You will need to use a looping script to go through the duplicates.

Not sure the number of records makes it a pleasant expirience, I would suggest the method I uploaded in this thread:

http://fmforums.com/forum/showpost.php?post/133778

But the script needs a little tweaking in order not to omit single occurences as well ...or might they be there as well???

Other ideas however pops up in my mind, a portal with reversed sortorder due to the ties mentioned or the Last( function over the relation made as a scripted replace stuffing the value in a field in the Account Table???

--sd

Edited October 30, 2008 by Guest
Updated Broken Link

BobWeaver · May 14, 2005

That's an interesting technique. I have looked at a couple of alternative methods to avoid looping through all duplicates. Both techniques involved using a relationship based on the "<" operator.

One used GTRR to skip to the next group, and the other used a global key field to set the flag field via the relationship without moving between records at all. Although they both worked, they were horrendously slow compared to the standard looping script.

BobWeaver · May 15, 2005

Out of curiosity, I tried implementing the Fast Summaries method, but it is much slower than the standard looping script (unless I implemented it wrong). It seems to slow down exponentially as the number of records increases. It took 154 seconds to process 3000 records, compared to 22 seconds for the classic looping script.

It appears that the running count summary field gets very slow to calculate as the record number increases. However this gave me an idea for a variation using a Count(selfJoin::etc.) calculation to skip through records. This method proved to be fastest at 11 seconds for 3000 records, twice as fast as the classic looping script.

I have attached a file with all the methods I've tested including the two extremely slow methods I mentioned in my last post.

FindDupsVariations.fp7.zip

Søren Dyhr · May 15, 2005

I hope Mr. Horak (Comment) sees this, summaries under 7.0 is much slower than they used to be ...I'm glad you had the time to test it and tweak the idea a bit. This is why forums rock ... Given enough eyeballs as they say in sourceforge!

--sd

comment · May 16, 2005

I do see this, Mr. Dyhr. So, are we now going to put a big red X on summaries?

BTW, Bob, I think there may be a faster method - see attached.

FindDupsVariations.fp7.zip

BobWeaver · May 16, 2005

Interesting, I'm surprised that a find on an unstored calc field would be so fast. This is certainly a switch from my past experience. Good work.

On a hunch, I switched to a blank layout and re-ran my method and the classic method. In that situation, they both ran faster, and took almost the same amount of time (7 seconds for mine, 9 seconds for classic). The times given are for my Powerbook G4, 400 MHz. OSX panther.

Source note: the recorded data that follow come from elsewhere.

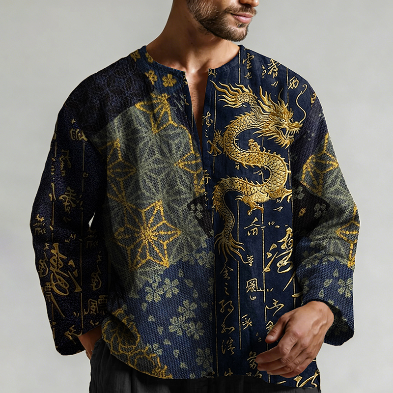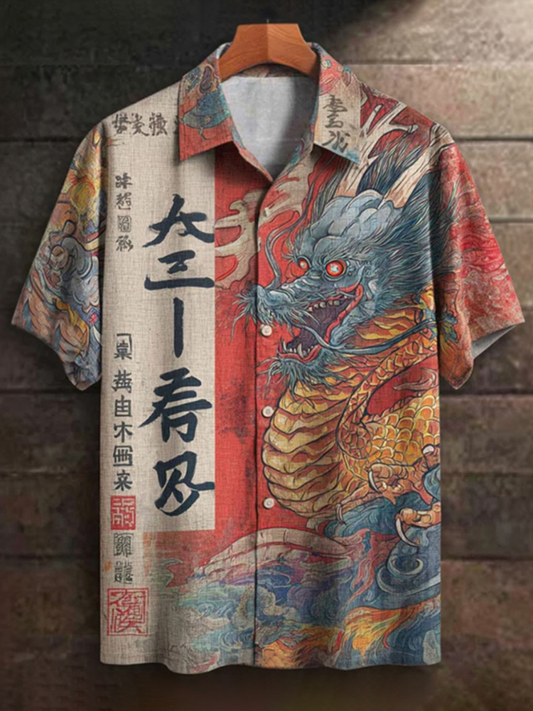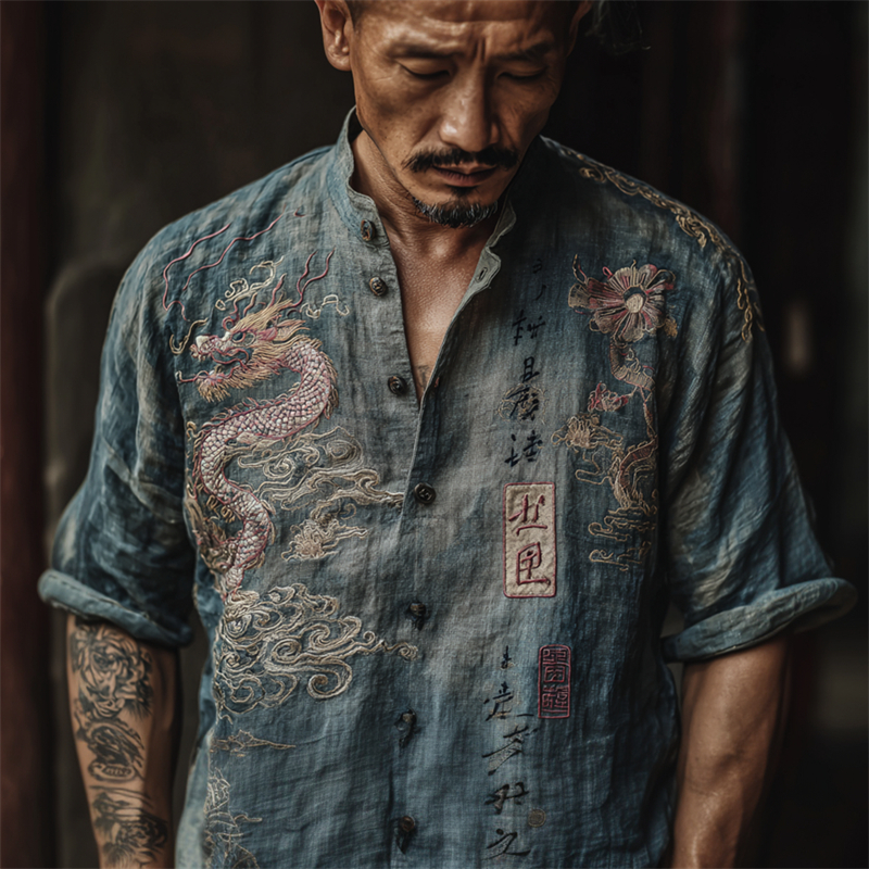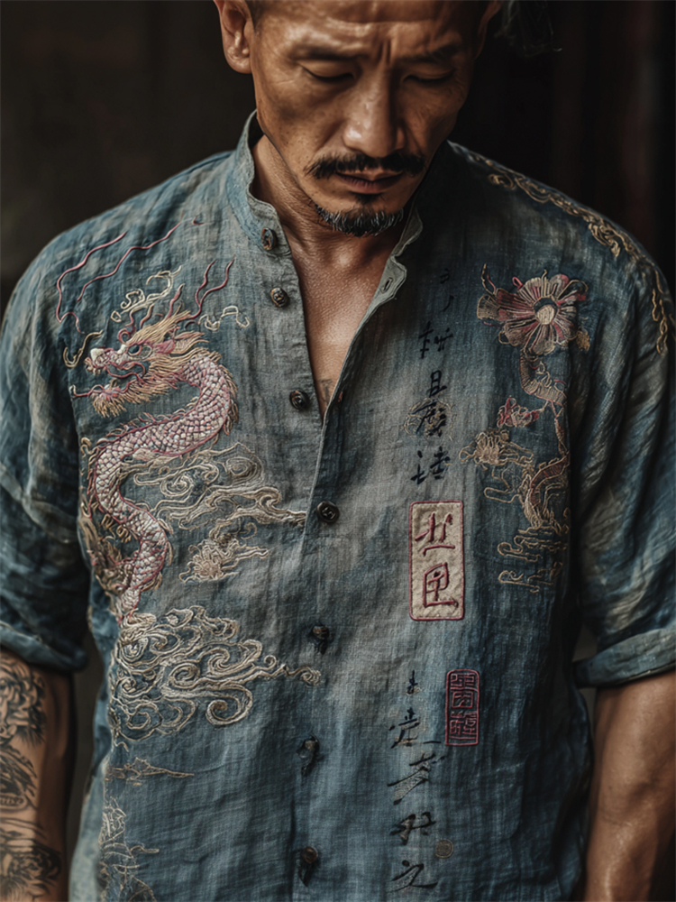 Men's Japanese Dragon Floral Calligraphy Linen Shirt
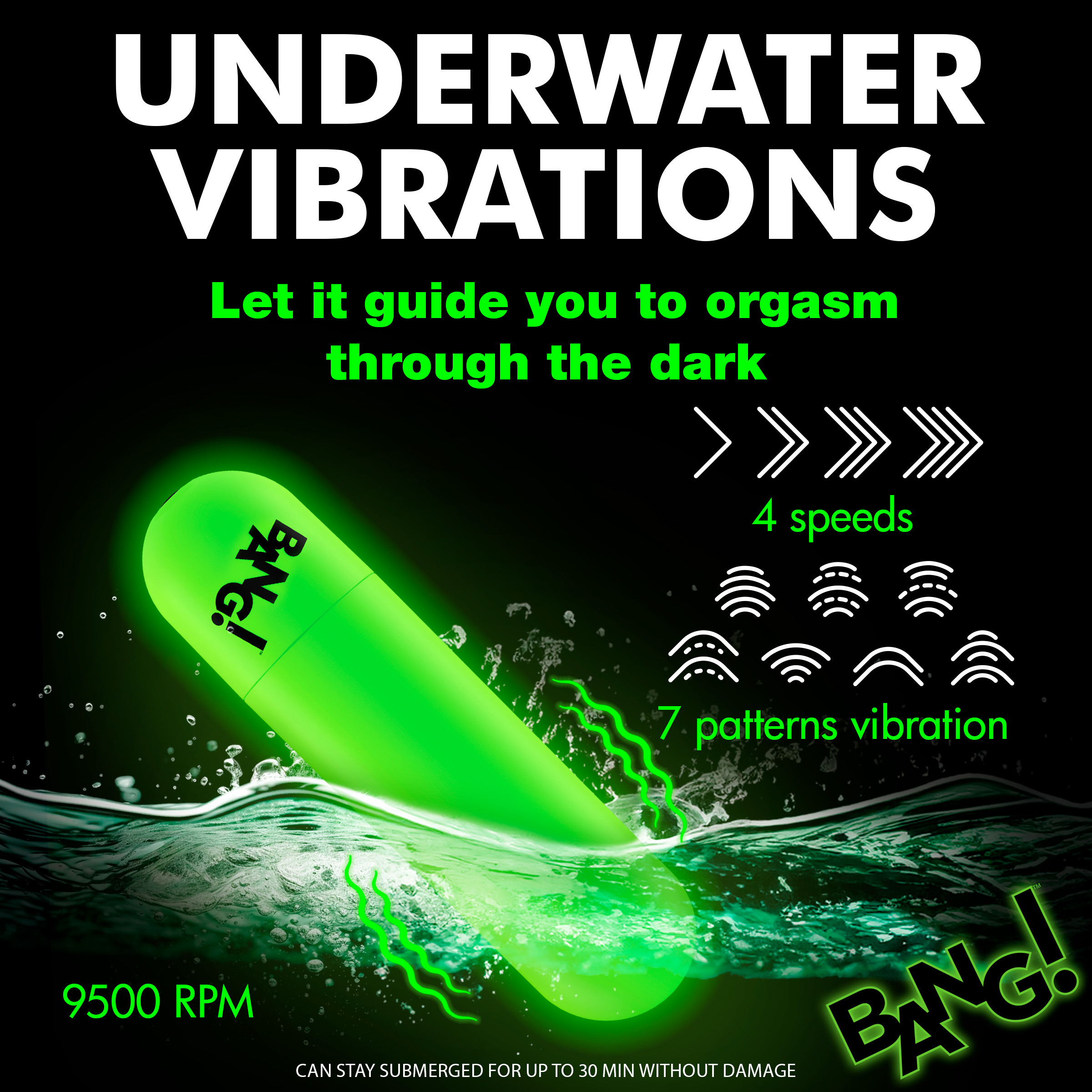 Powerful Vibes: Choose between 4 speeds and 7 patterns of vibration!Glow-In-the-Dark Bullet: Enjoy this small, travel-friendly, glowing bullet vibe!Remote Controlled: Use the battery-operated remote to change settings.Waterproof and Rechargeable: Rated IPX7 waterproof so it can handle showers or be submerged underwater for up to 30 minutes. Recharge via the USB cable provided.Premium Silicone: Made out of premium, phthalate-free, body-safe silicone.
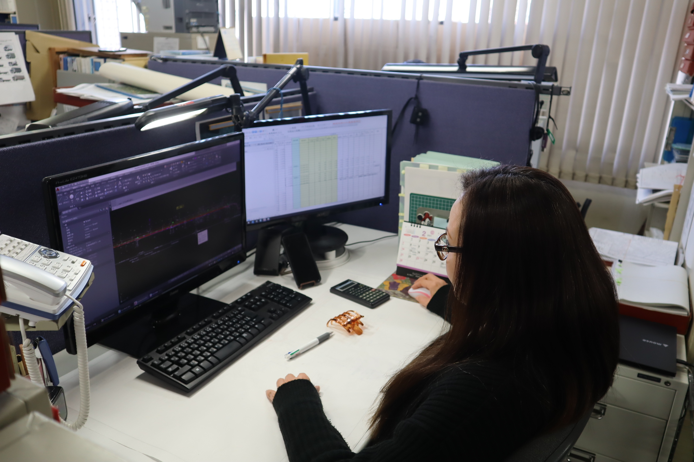 当たり前のことですが、はじめは誰もが未経験者。全くの異分野から建設コンサルタントの世界に飛び込んだSさんは、CADによる製図などのスキルを実際の仕事を通じて習得し、今では技術部の第一線で活躍しています。

Comment, with your method, I noticed that it usually runs in about 1/3 the time of the other methods (2 or 3 seconds), but in some situations it actually runs slower. I haven't quite figured out what the reason is. But if you run your "just find" method immediately after running my method, it will take a second or two longer (sometimes 8 or 9 seconds). It doesn't seem to be related to sort order or the number of records in the found count.

BTW, in order to meet the original requirements of this thread, the result of the find should produce the record with the latest year. This requires changing the formula for cFlag from:

Year=SameAcctNo::Year

to:

Year=Max(SameAcctNo::Year)

This slows things down somewhat, but is still fast.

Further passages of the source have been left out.